我怎样才能做到?我知道我可以添加sed调用,但我更愿意使用单个 grep 来完成。
采纳答案by potong
This might work for you:
这可能对你有用:
echo '{"_id":"scheme_version","_rev":"4-cad1842a7646b4497066e09c3788e724","scheme_version":1234}' |
sed -n 's/.*"scheme_version":\([^}]*\)}//p'
1234
Sorry it's not grep, so disregard this solution if you like.
抱歉,它不是grep,所以如果您愿意,请忽略此解决方案。
Or stick with grep and add:
或者坚持使用 grep 并添加:
grep -Eo "\"scheme_version\":(\w*)"| cut -d: -f2
回答by SiegeX
You'll need to use a look behind assertion so that it isn't included in the match:
您需要使用断言背后的外观,以便它不包含在匹配中:
grep -Po '(?<=scheme_version":)[0-9]+'
grep -Po '(?<=scheme_version":)[0-9]+'
回答by Marc O'Morain
回答by kris.zhang
You can do this:
你可以这样做:
$ echo '{"_id":"scheme_version","_rev":"4-cad1842a7646b4497066e09c3788e724","scheme_version":1234}' | awk -F ':' '{print }' | tr -d '}'
回答by ClarkZinzow
As an alternative to the positive lookbehind method suggested by SiegeX, you can reset the match starting point to directly after scheme_version":
with the \K
escape sequence.
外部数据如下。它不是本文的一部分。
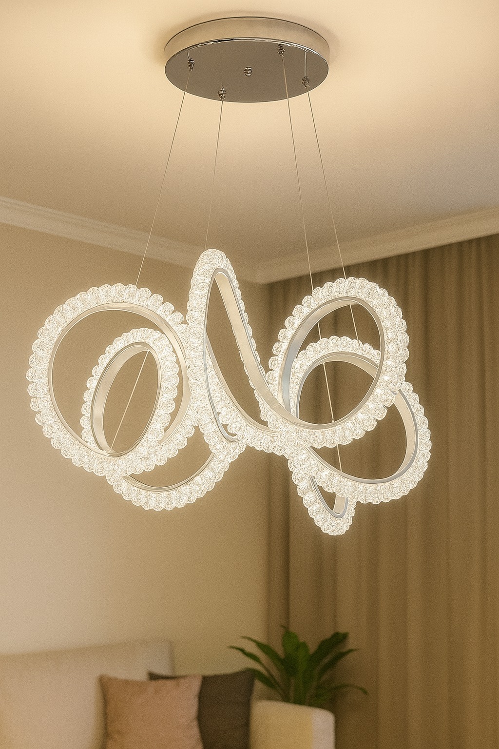 SKU: TO-4040Kjo lluster LED me dizajn unik dhe detaje elegante është zgjedhja ideale për të krijuar një ambient luksoz dhe të rafinuar në shtëpinë tuaj. Forma artistike me rrathë të ndërthurur dhe përfundimi dekorativ i japin një pamje shumë të veçantë dhe moderne.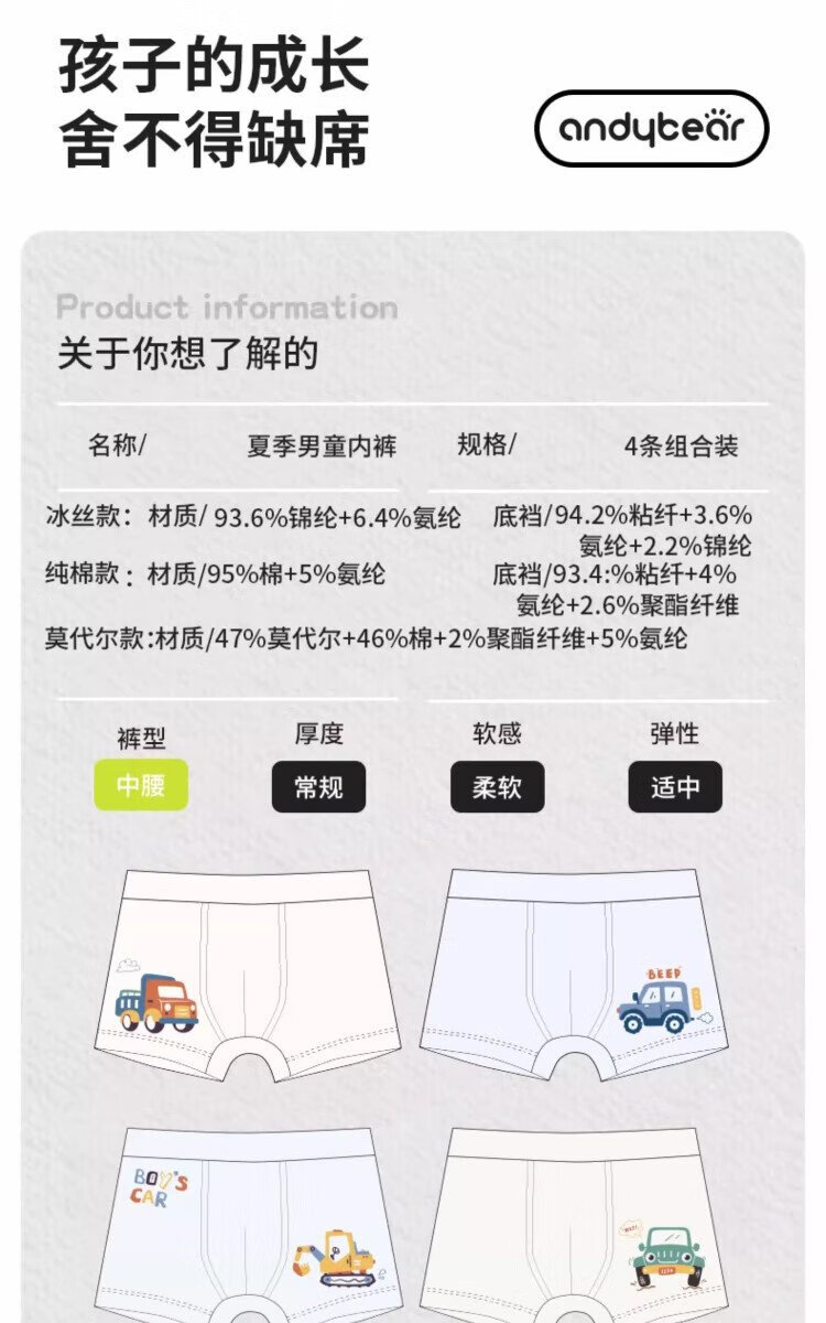 Abedila boys' underwear children's pure cotton baby infant summer thin children's boy's boxer shorts 100% cotton 7A antibacterial - Greno Auto - 4 pack 110 --- Recommended weight 25-35 Jin Jin equals 0.5 kg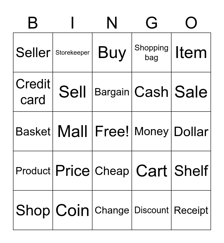 This bingo card has a free space and 29 words: Shop, Market, Mall, Customer, Seller, Buy, Sell, Price, Money, Coin, Dollar, Receipt, Change, Discount, Sale, Expensive, Cheap, Product, Item, Basket, Cart, Pay, Cash, Credit card, Shopping bag, Storekeeper, Shelf, Bargain and Goods.

E.g.,
作为 SiegeX 建议的正向后视方法的替代方法,您可以scheme_version":
使用\K
转义序列将匹配起点直接重置为 after 。例如,
$ grep -Po 'scheme_version":\K[0-9]+'
This restarts the matching process after having matched scheme_version":
, and tends to have far better performance than the positive lookbehind. Comparing the two on regexp101 demonstrates that the reset match start method takes 37 steps and 1ms, while the positive lookbehind method takes 194 steps and 21ms.
这在匹配后重新启动匹配过程scheme_version":
,并且往往比积极的lookbehind具有更好的性能。在 regexp101 上比较两者表明,重置匹配启动方法需要 37 步和 1 毫秒,而正向后视方法需要 194 步和 21 毫秒。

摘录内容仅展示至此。